We complete the multiplication table for $S$, under the assumption that the product of two things in $S$ is also in $S$. (That fact was not explicitly mentioned.)
Could we have $qr=p$? Then $(qr)r=pr=r$. But $(qr)r=q(rr)=qr=p$. That would make $(qr)r$ simultaneously equal to $p$ and $r$, which is impossible.
That leaves the possibilities $qr=q$ and $qr=r$. Suppose first that $qr=q$. Then let $b=q$. We have by the rules $qp=q$, $qq=q$, and $qr=q$, and we are finished.
By symmetry, if $qr=r$ then we can take $b=r$. Or else we can more or less repeat the previous argument, interchanging the roles of $q$ and $r$.
Remark: But we really ought to check that we have not been lied to, that if for example we complete the multiplication by $qr=q$, all the given rules will be satisfied. After all, we could have been given a collection of "rules" that turn out to be inconsistent.

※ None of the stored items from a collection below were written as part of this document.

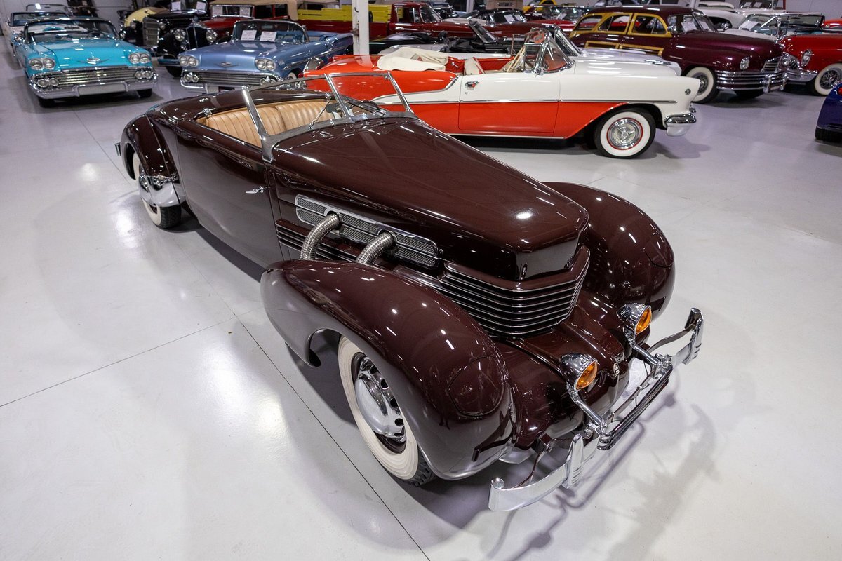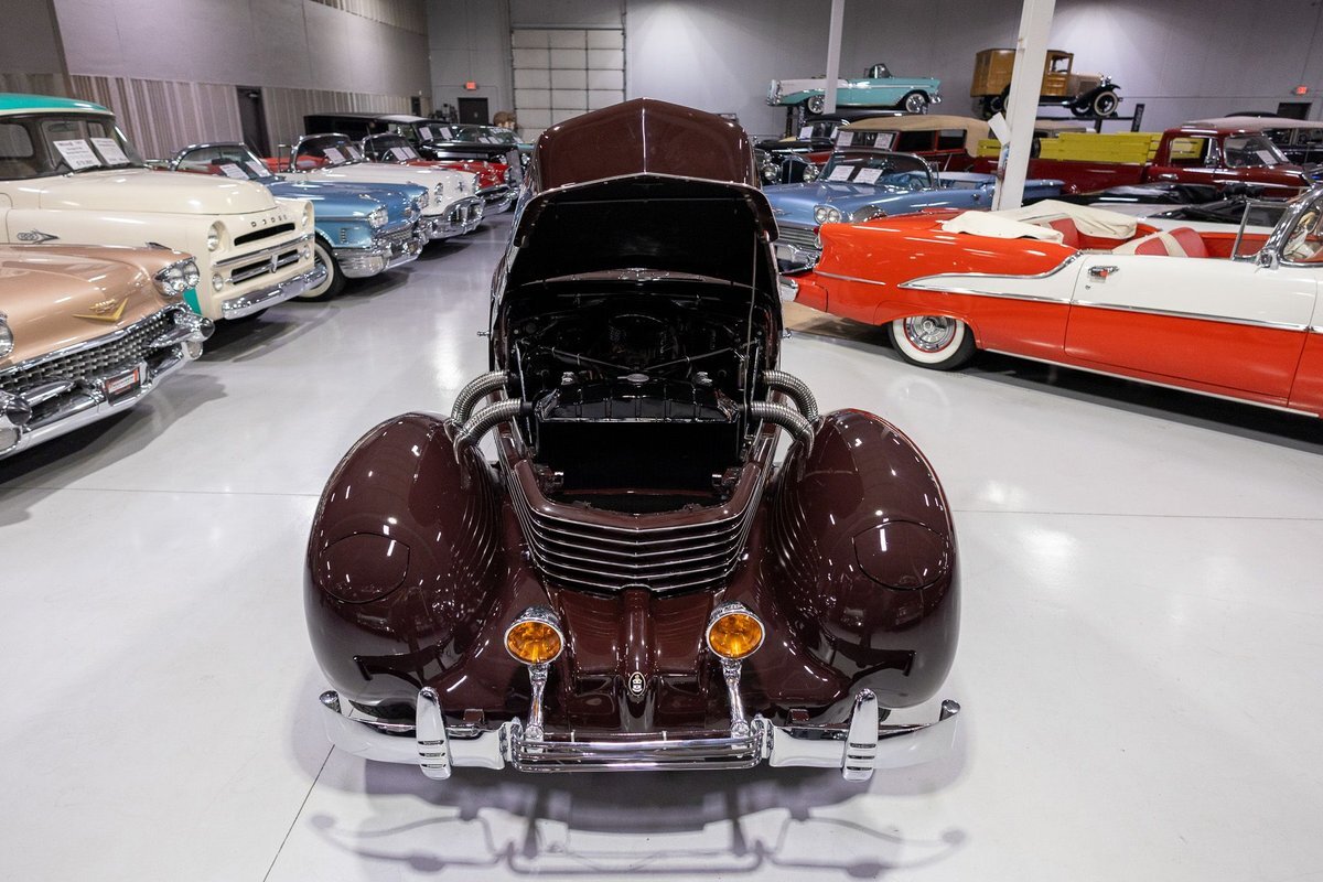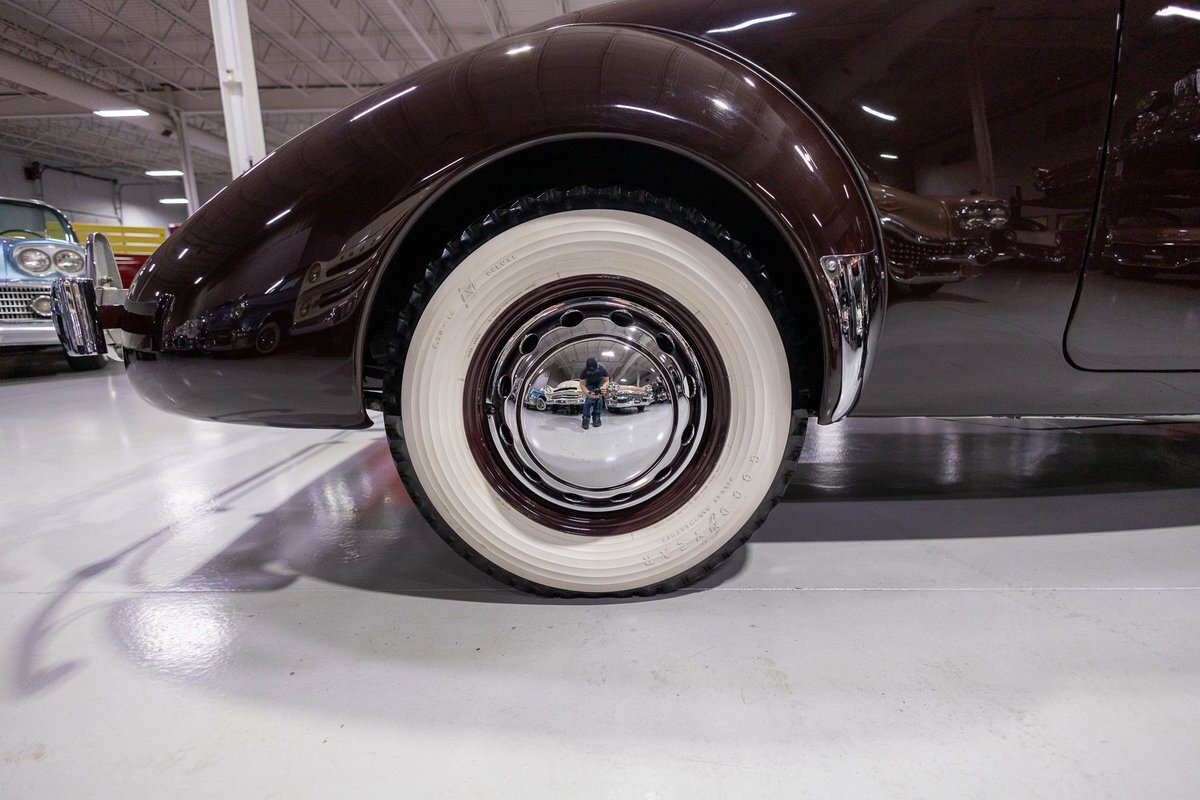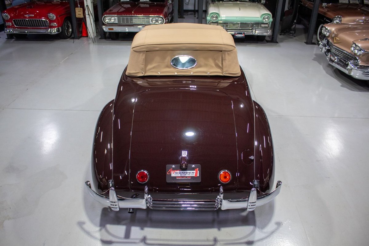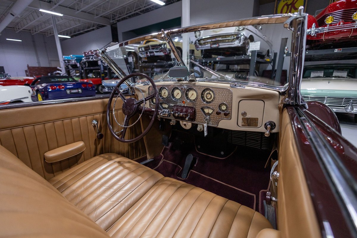 This 1937 Cord 812 Supercharged "Sportsman" Cabriolet is a beautiful, supercharged example of one of the most iconic and technologically advanced Pre-War cars ever produced. Established by namesake founder Errett Lobban "E.L." Cord in 1929, the Cord Corporation served as Mr. Cord's holding company for his automotive ventures, including his shares in the Auburn Automobile Company and Dusenberg, Inc., as well as engine builder, Lycoming Mfg. Co. To satisfy E.L. Cord's desire to produce his own namesake motor vehicle, Cord began producing the Cord L-29 in June of 1929 which served as a somewhat intermediate model sitting above the more affordably priced Auburn and below the top-of-the-line Duesenberg. Famously, the 1929 Cord L-29 beat out Ruxton to be "America's First Front-Drive Car;" however, in actuality, several automakers at the turn of the century had experimented with front wheel drive vehicles but none were particularly successful. Nonetheless, the 1929 release of the L-29 could not have come at a worse time, with the onset of the Great Depression starting in late 1929 and then continuing into 1930 and beyond. Consequently, Cord ceased production of the gorgeous L-29 at the end of 1931. By the mid-1930s however, the economy appeared as if it were beginning to recover from the horrific effects of the Depression and the Cord Corporation decided it was time to revive its novel front-wheel-drive automobiles, with a brand new design both inside and out. Styled by famed automobile designer Gordon Buehrig, the new Cord 810/812 models were essentially designed to be the "Baby Duesenberg" and featured an iconic "Coffin Nose" design. In addition to their unique style, the new Cord models are renowned for a number of revolutionary upgrades in automobile design including rear opening hoods, front wheel drive, "semi-automatic" transmissions, hide-away convertible tops, and "roll up headlights." Additionally, Cord's "coffin nose" front wheel drive design allowed for a lower ride height, which eliminated the need for running boards which would soon become obsolete across most American cars produced in the following decade or so. Of course, one of Cord's biggest innovations were introduced in 1937 with the incorporation of a supercharger that bumped the 812's horsepower from 125 to 170! In spite of all of the Cord's technological and design innovations, Cord's financial issues finally put a halt on production in August 1937, with the company producing a mere 2,992 810 and 812 models during its short run from 1936-1937. In total, a mere 2,992 "Coffin Nose" Cords were produced during their short production run from 1936 through 1937 and it is believed that just a handful of Supercharged "Sportsman" Cabriolet Convertible Coupes were produced in this configuration, which means that this particular example is quite a rare piece of automotive history. Due to its unique design, mechanical innovations, and overall rarity, the Classic Car Club of America (CCCA) has designated all Cord automobiles as Full Classics which means this '37 Cord 812 SC "Sportsman" is eligible to participate in CCCA events and CARavans. This particular example comes to us from the hands of a long line of prominent collectors, and most recently from an esteemed collection where it resided for a period of over ten years. Under the iconic, revolutionary rear-hinged hood on this '37 Cord 812 is a supercharged Lycoming 288.64 Cu. In. V8 fed by a single 2 barrel carburetor that together were said to have created an impressive 170 horsepower when new. The 289 Lycoming V8 is mated to a 4 speed manual transmission that shifted using the innovative remote controlled column-mounted pre-selector shifter. Unlike virtually all pre-war classic cars which were rear wheel drive, power is sent from the supercharged Lycoming powerplant via the transaxle to the front wheels on this front wheel drive Cord. This '37 Cord SC Sportsman rides on a set of wide whitewall bias-ply tires, accented with chrome wheelcovers and beauty rings which gives this convertible an upscale look whether parked at the local car show or cruising down the road. The luxurious look and feel of this 812 Sportsman Convertible is further supplemented with front and rear bumper guards and a pair of amber-lensed Cord-branded fog lights. In addition to the fog lamps, both headlights manually crank up and down which is one of the many technological and forward-thinking innovations of the Cord 810/812 series. This 1937 Sportsman is equipped with a manually operated beige cloth convertible soft top along with an accessory removable hardtop, both of which appear to be in wonderful condition. The exterior on this '37 Cord 812 Sportsman has been refinished in a beautiful Dark Thrust Brown paint that completes the stunning exterior look of the CCCA Full Classic. The interior on this 1937 Cord 812 Sportsman Convertible Coupe is absolutely gorgeous! The bench seat has been reupholstered with beautiful tan leather that provides a beautiful contrast from the rich exterior appearance. The matching upholstered door panels and armrests, along with the burgundy carpeting, dark ivory painted dash with its engine-turned instrument panel, and body color-matched steering wheel with chrome horn ring are all in fantastic condition as well and appear to be in their stock configuration. The instrument cluster features a wide array of instrumentation and gauges including a 150 MPH speedometer, 5,000 RPM tachometer, oil pressure gauge, temperature gauge, amp gauge, and fuel gauge. The dash is completed with an AM radio and full-size clock, as well as with a pair of locking gloveboxes that straddle the instrument panel. Whether you're buying your first full classic car or you're an established ACD or CCCA collector, this 1937 Cord 812 "Sportsman" Cabriolet would make an excellent choice. Give Ellingson's a call today at763-428-7337!
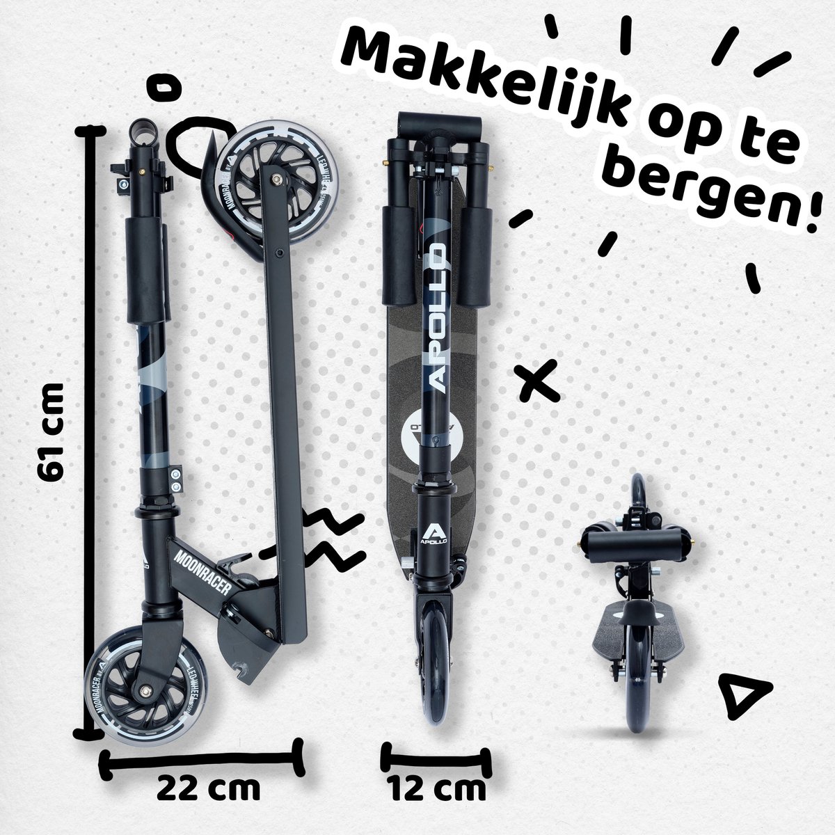 (Keyword: LED-Step Moonracer; Secondary keyword used: lichte step en opvouwbare step.)
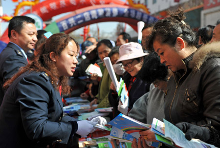 3月29日,稅務人員(左)在銀川市街頭宣傳講解稅收政策。 當日,寧夏第18個全國稅收宣傳月活動在銀川正式啟動。活動月期間,寧夏稅務系統將通過稅法進校園、進社區,舉辦稅收知識競賽,表彰高信用等級納稅人等活動,宣傳稅收在經濟、社會發展中的地位,增強社會各界對稅收工作的理解和支持。
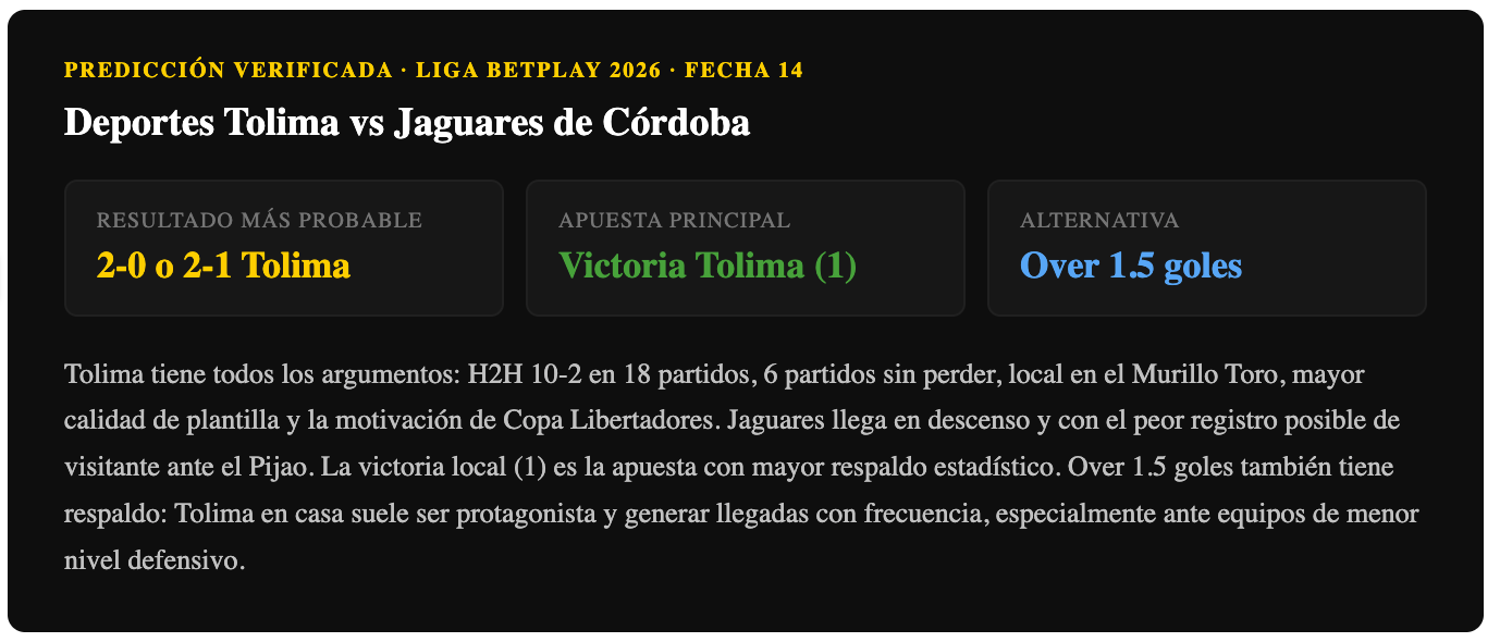 Pronóstico Deportes Tolima vs Jaguares de Córdoba — Fecha 14 Liga BetPlay 2026
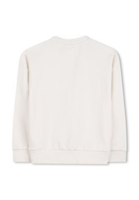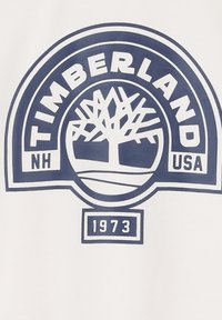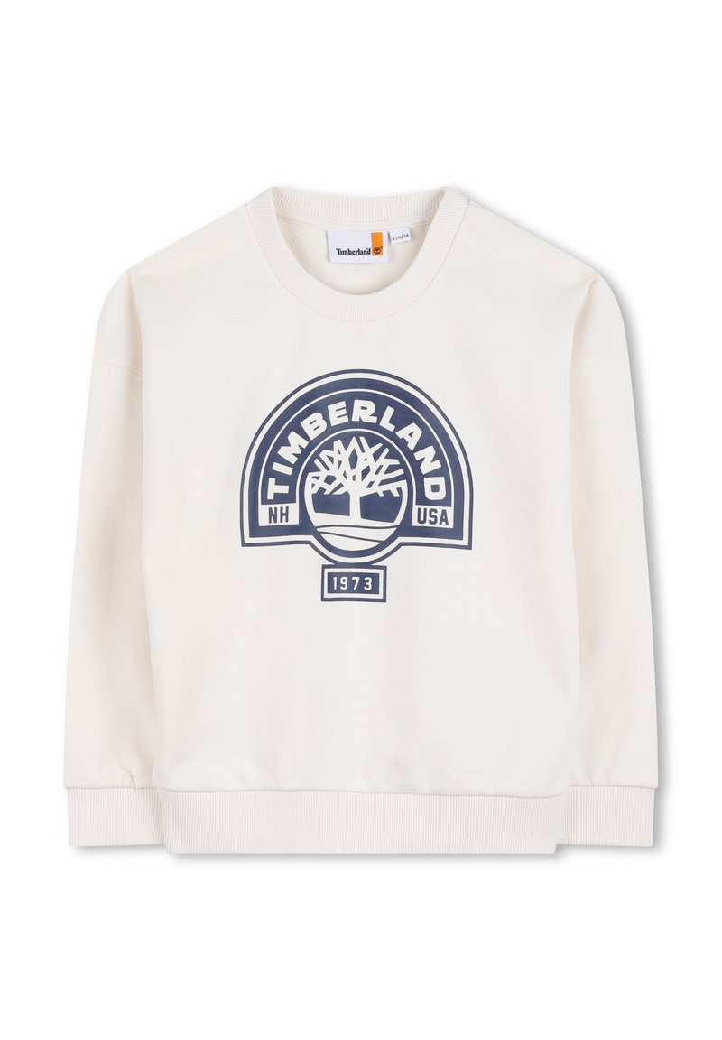 Sweat-shirt couleur crème, arborant un logo Timberland bleu avec un dessin d'arbre. Col rond et poignets côtelés ; tissu doux et texturé.
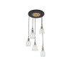 GERTA 5x60W E27 - Závěsné svítidlo, základna kov, povrch černý mat, dekor. přírodní dřevo, sklo čiré, pro žárovku 5x60W E27, 230V, tř.1, IP20, d=500mm, závěsný kabel černý s textilním úpletem l=550-1325mm, lze
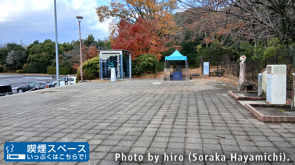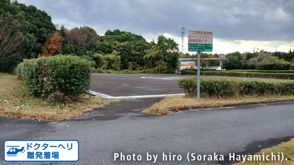 高台に設けられた身障者・二輪車向け駐車場とガソリンスタンドの隣に、ドクターヘリ用の離着陸場がある。
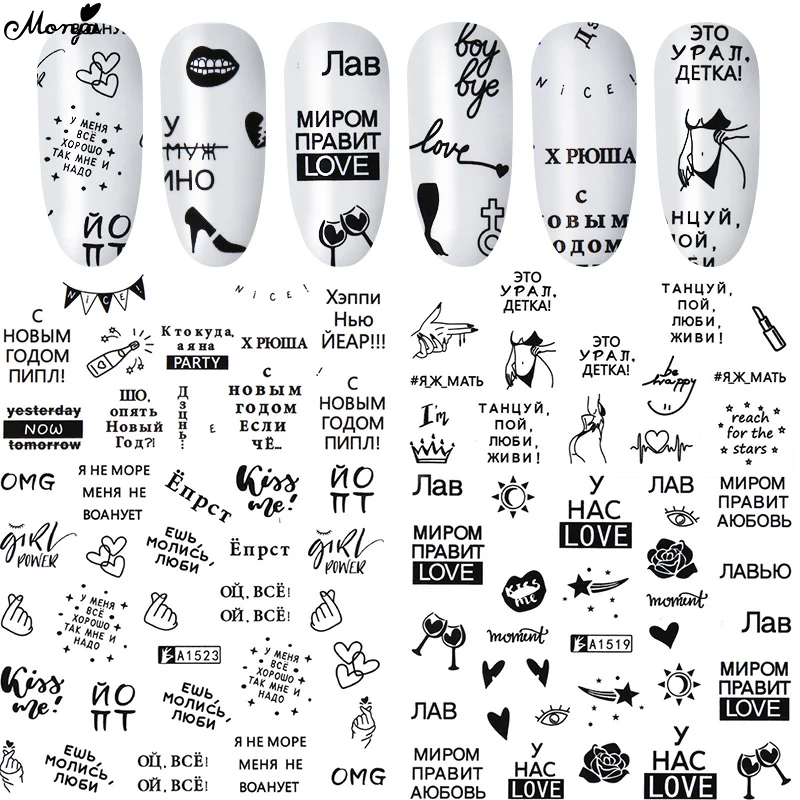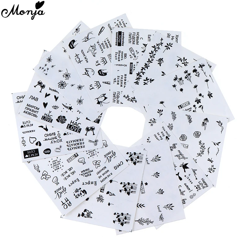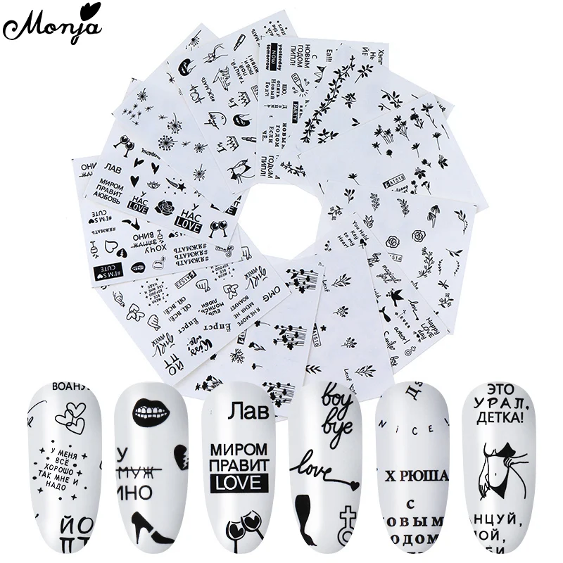 amazing Monja 12pcs Russian Pattern Design Nail Art Water Transfer Stickers DIY Black White Watermark Nail

The only thing that really needs checking is $4$). That takes some work. In principle we need to check that $a(bc)=(ab)c$ for all $27$ triples $(a,b,c)$. With some thinking we can cut it down to a lot less checking than that. If there is at least one $p$ among $a$, $b$, and $c$, verification is easy. so we only need to worry when each of $a$, $b$, $c$ is $q$ or $r$. So we are down to $8$ cases, easily checked.